Q: A monochromatic light of wavelength λ is incident on an isolated metallic sphere of radius a , then threshold wavelength is λ_{0} which is larger than λ . Find the number of Photoelectron emitted before the emission of photo electrons stops.

Sol: As the metallic sphere is isolated, it becomes positively charged when electrons are ejected from it.

There is an extra attractive force on the photoelectrons. If the potential of the sphere is raised to V, the electron should have a minimum energy W + eV to be able to come out. Thus, emission of photoelectrons will stop when.

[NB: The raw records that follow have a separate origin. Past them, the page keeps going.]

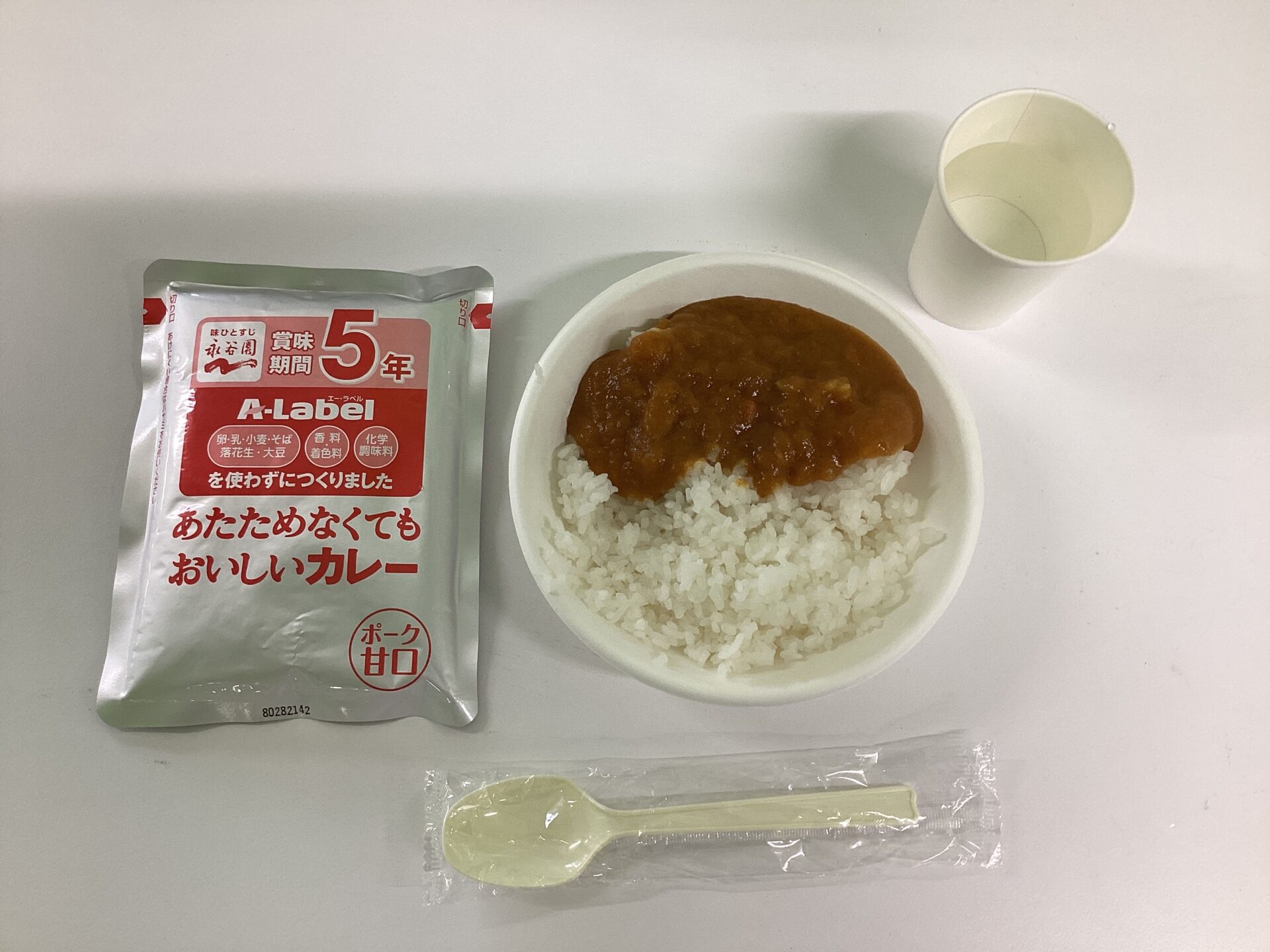 おむすびこども園には、災害に備えて非常食が常備されています。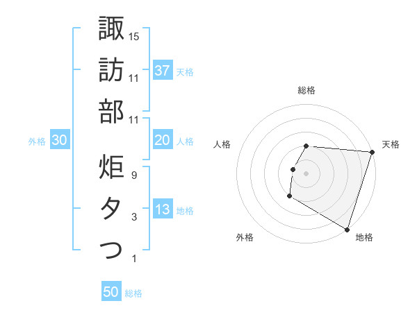 諏訪部 炬タつさんを姓名の画数から五運を鑑定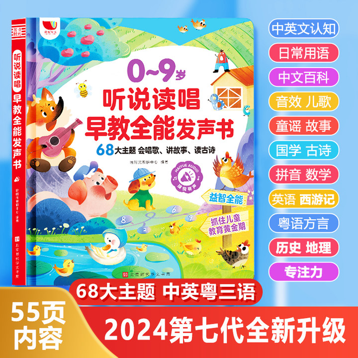 听说读唱早教全能点读发声书 24年新七代升级款 英语粤语幼儿启蒙古诗三百首3岁儿童益智宝宝启蒙认知拼音歌谣 早教有声书 会说话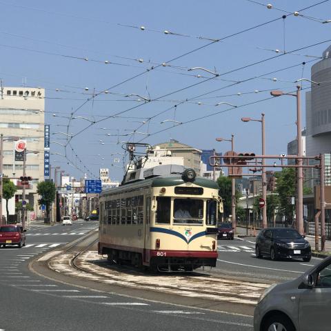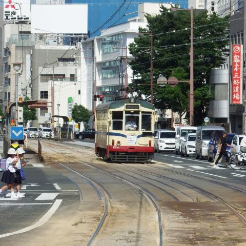 とさでん交通標準色200形家庭用クーラー室外機搭載…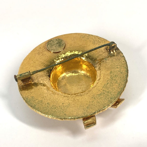 CHANEL Vintage Straw Hat, Hat Accessory, Brooch, Metal, Women\'s, Gold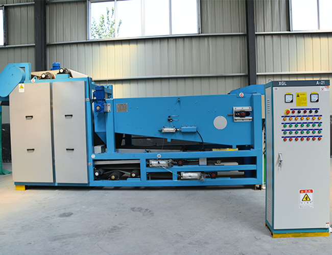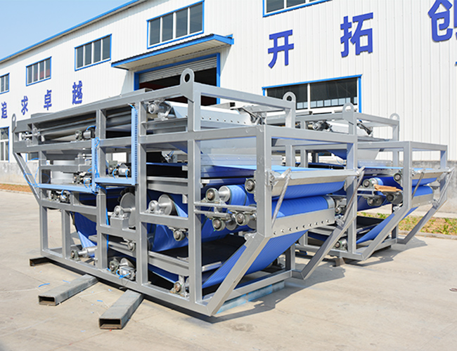 LBDD帶式壓濾機由若干個不同直徑的輥筒及安裝在支架上的攪拌罐組成,由傳動輥帶動的上、中、下網(wǎng)、脫水輥、漲緊輥、導(dǎo)輥、糾偏裝置以及脫水輥兩端的密封裝置組成。濾網(wǎng)采用壓縮空氣氣壓漲緊,使整條網(wǎng)帶保持恒定漲力,不會因進(jìn)料量的變化而引起漲力的變化,該機還配備氣動調(diào)偏裝置,更方便操作和管理,更為新型實用的特點是在至少一個或多個脫水輥兩端設(shè)有密封裝置,該密封裝置由密封帶和驅(qū)動密封帶的滾輪組成,密封帶壓置在上網(wǎng)和下網(wǎng)重疊后的橫向兩端,且在滾輪間設(shè)有一漲緊輥。隨著脫水輥的轉(zhuǎn)動,帶動密封帶及輥輪從動轉(zhuǎn)動,這樣,中、下網(wǎng)之間的漿料除受到脫水輥的擠壓作用外,還受到密封帶的擠壓,從而起到強化脫水和密封漿料的目的。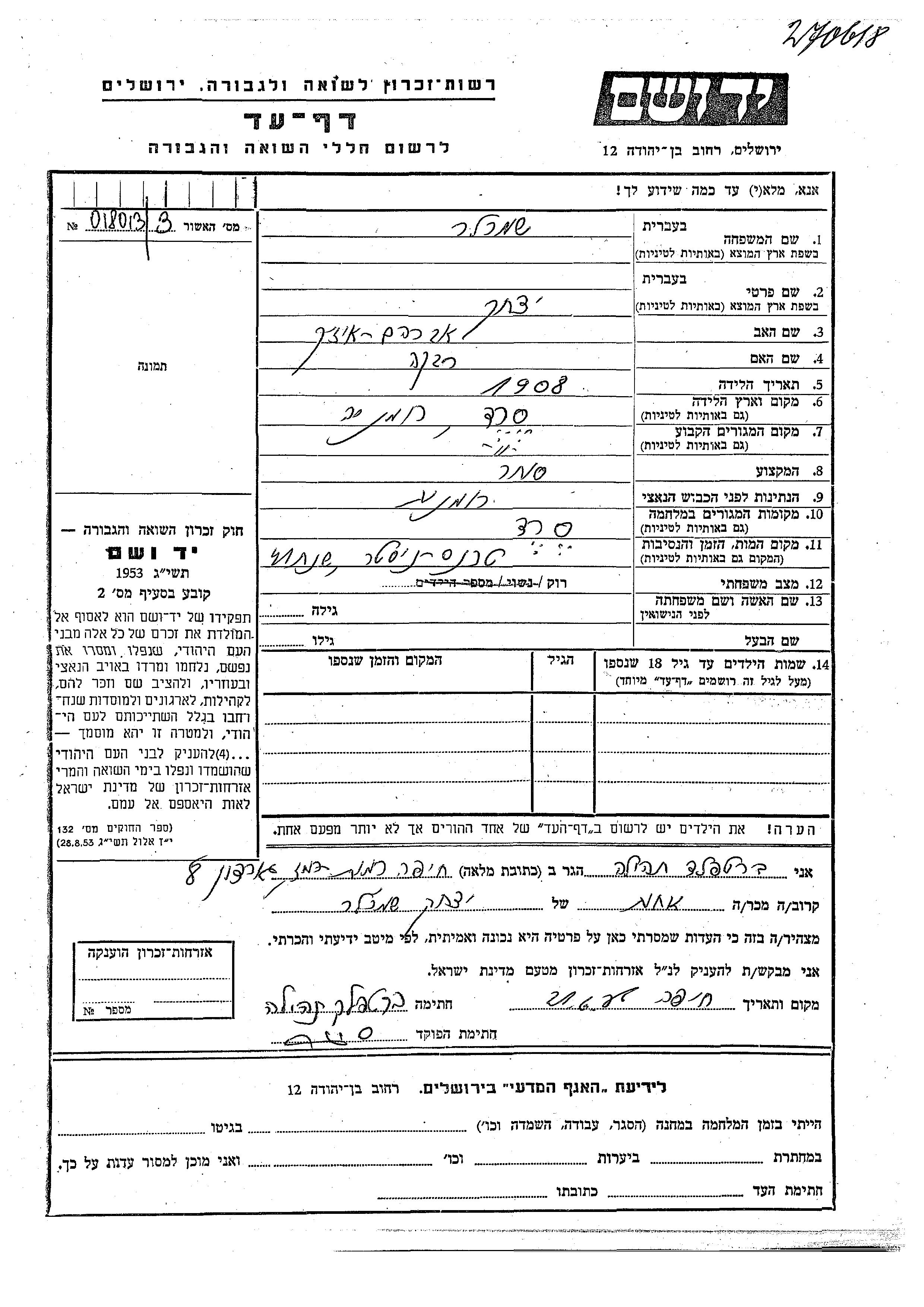 Shmarler Yitzkhak 1908 Siret, Romania Page of Testimony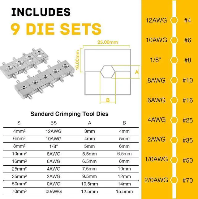 Extra Dies: The hydraulic crimper tool kit includes 9 pairs of hexagonal crimping dies for 12, 10, 8, 6, 4, 2, 1/0, and 2/0 AWG, suitable for crimping battery cables and electrical lugs, as well as a 1/8" die for crimping steel cable railing.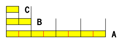 A、B、C3つの数があって、BはCの2倍、AはBの4倍です。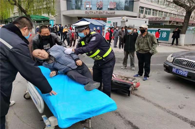 2020年4月7日上午,麦积交警城区二中队民警在成纪大道巡逻途径天水市第二人民医院时,看到一起交通事故导致人员受伤,执勤民警迅速上前,第一时间查看伤者情况并协助医护人员对受伤男子进行救治,随后及时疏导交通,避免了因事故导致的交通拥堵。(通讯员:崔添龙)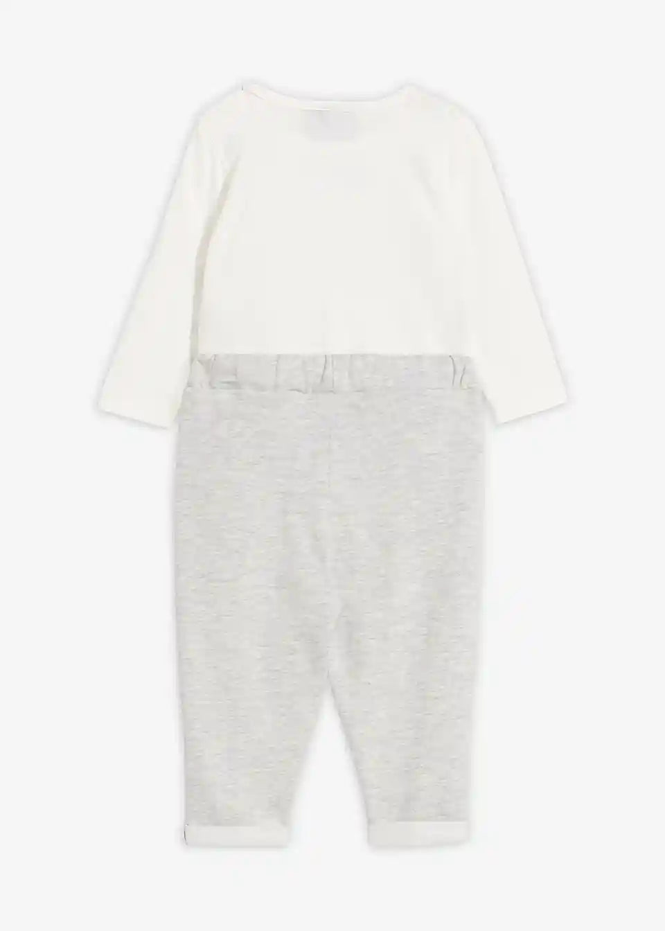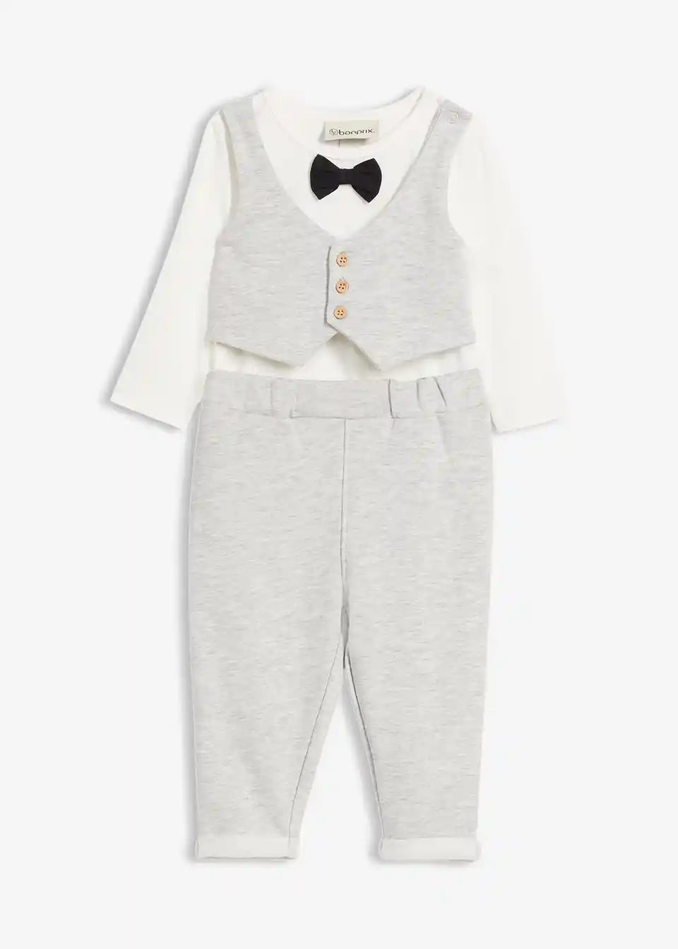 Ta prikupen komplet za praznovanja za dojenčke je sestavljen iz bodija in hlač – oba izdelana iz organskega bombaža. Bodi ima trdno prišit telovnik in majhen metuljček, kar združuje udobje s prazničnim videzom. Zahvaljujoč pritiskačem v predelu mednožja ga je enostavno oblačiti in slačiti. Hlače z elastičnim pasom zagotavljajo udobno prileganje in veliko svobode gibanja. Slogovno dovršen in obenem koži prijazen komplet – idealen za poroke, krste, rojstne dneve ali božič.

$\large \frac{h c}{\lambda} = W_0 + e V $

$\large \frac{h c}{\lambda} = \frac{h c}{\lambda_0} + e V $

$\large V = \frac{h c}{e}(\frac{1}{\lambda}-\frac{1}{\lambda_0}) $

The charge on the sphere needed to take its potential to V is Q = (4 π ε_{o} a) V

The number of electrons emitted is, therefore,

$\large n = \frac{Q}{e} = \frac{4\pi \epsilon_0 a V}{e}$

$\large n = \frac{4\pi \epsilon_0 a h c}{e^2} (\frac{1}{\lambda}-\frac{1}{\lambda_0}) $